**DATA TO PROCESS:**

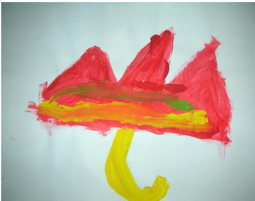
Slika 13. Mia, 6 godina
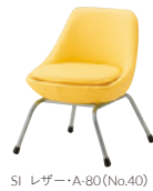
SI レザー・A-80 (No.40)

--

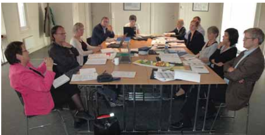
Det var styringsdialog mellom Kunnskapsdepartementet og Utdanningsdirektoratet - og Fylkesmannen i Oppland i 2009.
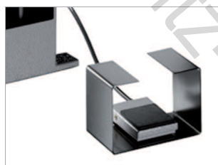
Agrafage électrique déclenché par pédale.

--

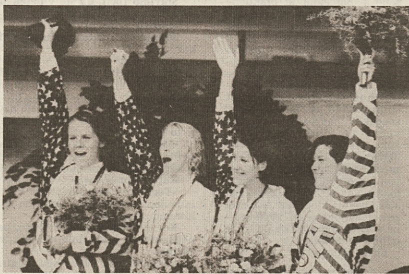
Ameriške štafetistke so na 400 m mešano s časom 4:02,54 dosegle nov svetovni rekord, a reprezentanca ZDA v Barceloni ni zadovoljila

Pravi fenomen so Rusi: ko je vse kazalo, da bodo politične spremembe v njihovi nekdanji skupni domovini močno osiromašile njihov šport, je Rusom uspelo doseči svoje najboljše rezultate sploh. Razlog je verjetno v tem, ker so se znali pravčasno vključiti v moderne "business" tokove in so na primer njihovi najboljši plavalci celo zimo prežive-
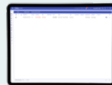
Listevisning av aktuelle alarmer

**WORK INSTRUCTIONS:** Keep to the stretch from the line containing "Pravi fenomen so" through the line containing "Listevisning av aktuelle alarmer", both ends included, and copy it exactly from the listing above, minus the pictures.

**REPLY TO THE TASK:**
Pravi fenomen so Rusi: ko je vse kazalo, da bodo politične spremembe v njihovi nekdanji skupni domovini močno osiromašile njihov šport, je Rusom uspelo doseči svoje najboljše rezultate sploh. Razlog je verjetno v tem, ker so se znali pravčasno vključiti v moderne "business" tokove in so na primer njihovi najboljši plavalci celo zimo prežive-
Listevisning av aktuelle alarmer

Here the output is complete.